Ab 20.13 Uhr durfte ich mich an einer Dreiviertelstunde Punkrock ergötzen. Aus Louisville, Kentucky, war das Powertrio COLISEUM angerückt. Dabei erinnerte ihr bärtiger Glatzkopf Ryan Patterson nicht nur optisch etwas an GG Allin. Nein, er hing auch sichtlich den Anfängen der Punk-Community nach, und gab sich als Kämpfer für das Gute und gegen den Hunger auf Erden. Für Frankfurts Wolkenkratzer hatte er hingegen nur Verachtung und verglich deren Lichter mit denen eines Bumslokals. Fortan hatten die Amis einen Narren an den Bankentürmen gefressen und machten „Fuck Disco!!!“ zu einer Art Running Gag. Musikalisch bewegten sie sich mit ihren simplen Liedern und dem robusten Gesang zwischen Antiseen und Motörhead. Nachdem Patterson die Meute gleich zu Beginn vor die Bühne zitierte, und den einen und anderen sogar am Arm nach vor zog, entschied man sich später selbst zum Rückzug ins Dunkel. Die letzten Teile wurden unter Blaulicht serviert. Und einmal rieb Patterson sogar seine Sechssaitige am Lautsprecher. Fuck Disco!!!
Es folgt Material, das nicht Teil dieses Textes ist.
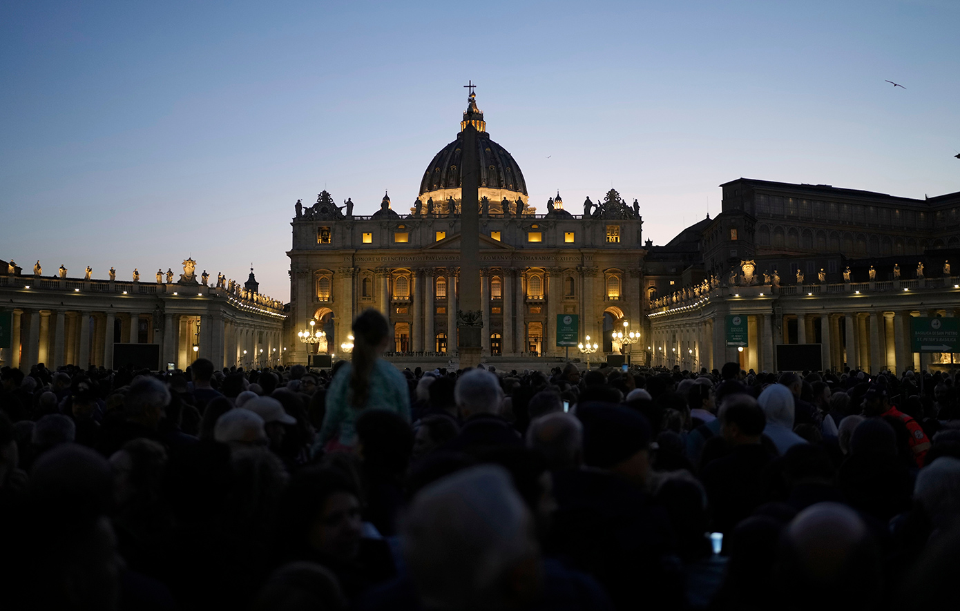 Η αστυνομία του Βατικανού δήλωσε στο BBC ότι η βασιλική του Αγίου Πέτρου θα παρέμενε ανοιχτή όλη τη νύχτα, ώστε το μεγάλο πλήθος που έχει συγκεντρωθεί στην πλατεία να έχει την ευκαιρία να περάσει μπροστά από το φέρετρο.
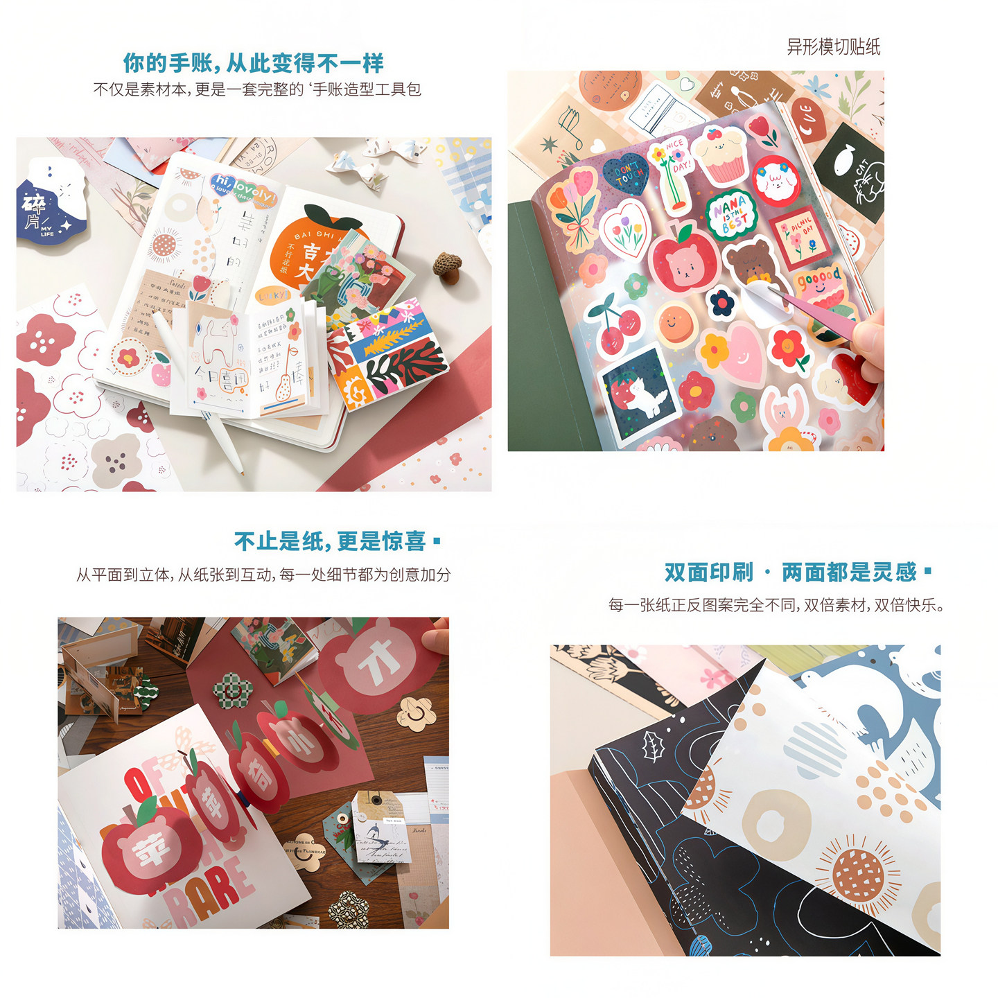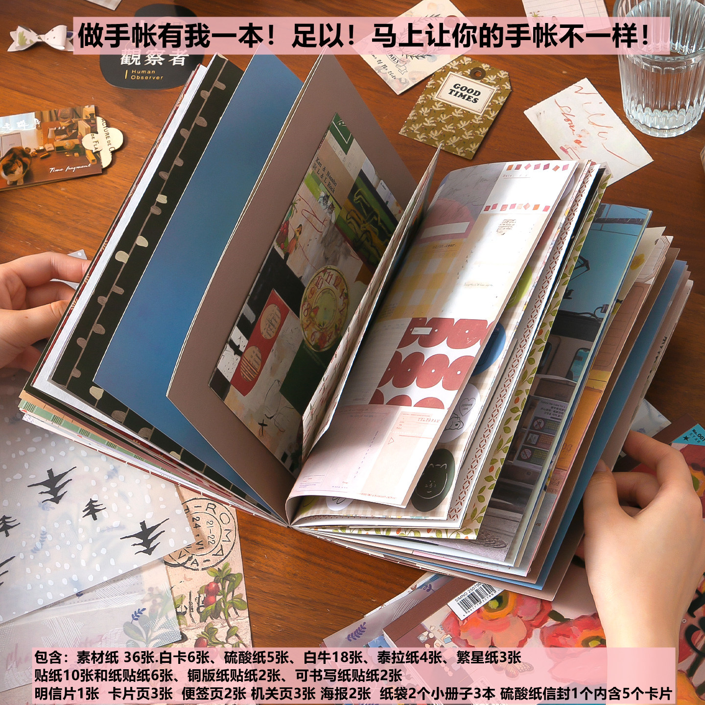 (全能手账素材装备箱)免剪手账本DIY素材包全套手帐素材本贴纸机关便签工具材料明信片硫酸纸背景纸手帐本
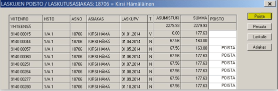 Jos asiakkaalle on lähetetty virheellinen lasku, voidaan se poistaa reskontrasta esim. vuokratietojen kautta Vuokranvalvonta/Vuokratiedot valitse talo, hstonumero, oikea sopimus ja tämän jalkeen maksaja= asiakas. Kun asiakkaan sopimus on avattu, hiiren oikealla painikkeen valikosta valitaan Laskujen poisto. Ruudulle tulee laskut, jotka voi poistaa.
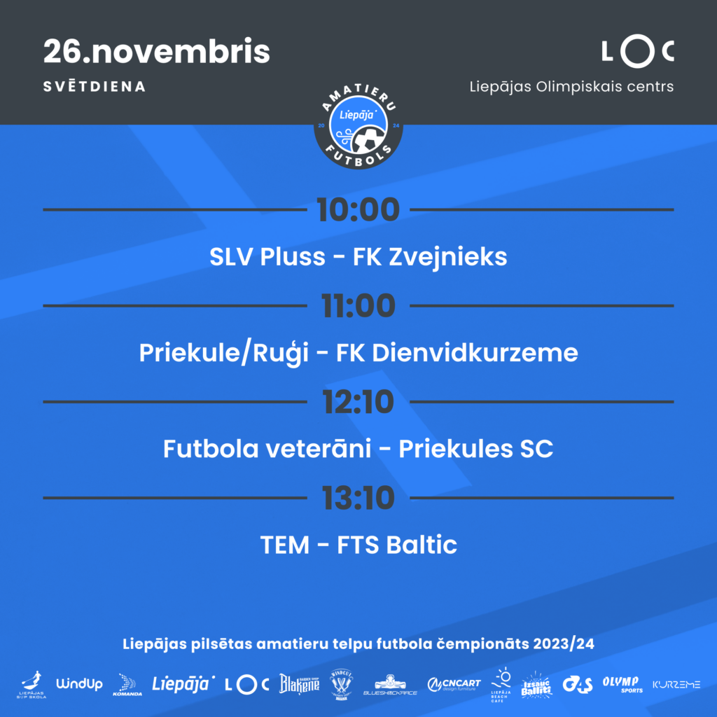 Svētdien, 26. novembrī, Liepājas Olimpiskajā centrā ar pirmajām četrām spēlēs tiks dots starts Liepājas pilsētas amatieru telpu futbola čempionātam.
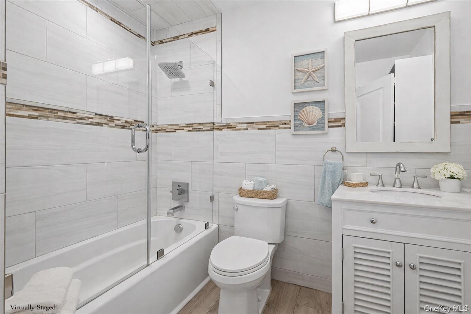 - 2nd Full bathroom featuring combined bath / shower with glass door, vanity, tile walls, and light wood finished floors

Nachdem sich der Vokalist und der Trommler die Spielstangen des Kickertischs symbolisch ins Geschlecht gestoßen hatten, und nachdem alle ihre Abspiellisten zusammengefaltet und sorgfältig versteckt hatten, stürmten die DOOMRIDERS aus Boston auf die Bretter. Nate Newton, Chris Pupecki, Jebb Riley, Q waren mit ihrem Neuwerk 'Grand Blood' aber leider nicht von Doom geritten, sondern lieferten mit ihrem herbspröde herausgschrienen Mix aus Post-Hardcore und Post-Metal den perfekten Stoff für die Fraktion „Zicke-Zacke-Hühnerkacke“. Dabei nahmen sie den Stab ihrer Landsmänner auf, und kommentierten und quittierten jede Nummer mit „Fuck Disco!!!“ (Vielleicht hab´ ich auch was verpaßt und eins der vielen Lieder trug diesen Namen.) Jemand mit Oktoberfesthut und Doomriders-Emblem an der Hutschnur stolperte ins Szenario, der Abend nahm seinen Lauf, und er ging unter der Losung „Aufhören weniger zu trinken“ in eine Abwärtsspirale. Nach knapp einer Stunde - kurz nach zehn - kam die Erlösung. Eine Version von Overkills resp. Dead Boys´ „Sonic Reducer“ konnte den Abend nicht mehr retten. Sah man von einigen entschleunigten Versatzstücken ihres etwas älteren Bassisten einmal ab, erwiesen sich die Doomriders als das, was immer im Elfer läuft: harter, neurotisch überschallender Postcore. Fuck Disco!!!
 
Auf der Suche nach der alten Zeit begleitete mich Peanut ein paar Holpergassen weiter... in die geheime Flüsterkneipe „Speak Easy“. Nicht nur die Onkelz, Motörhead, Tankard oder Crowbar waren schon oft zu Gast in der Großen Rittergasse 42. Mit seiner Eröffnung 1987 war das „Easy“so was wie meine Einstiegsdroge in den Speed und Thrash Metal... und ist auch dreißig Jahre später Frankfurts unangefochtener Hard´n´Heavy-Place Nummer eins. Im „Easy“ war heute fast alles wie damals, als man von der Wirklichkeit entfernt nur Langhaarige, Alkohol und Metal hatte!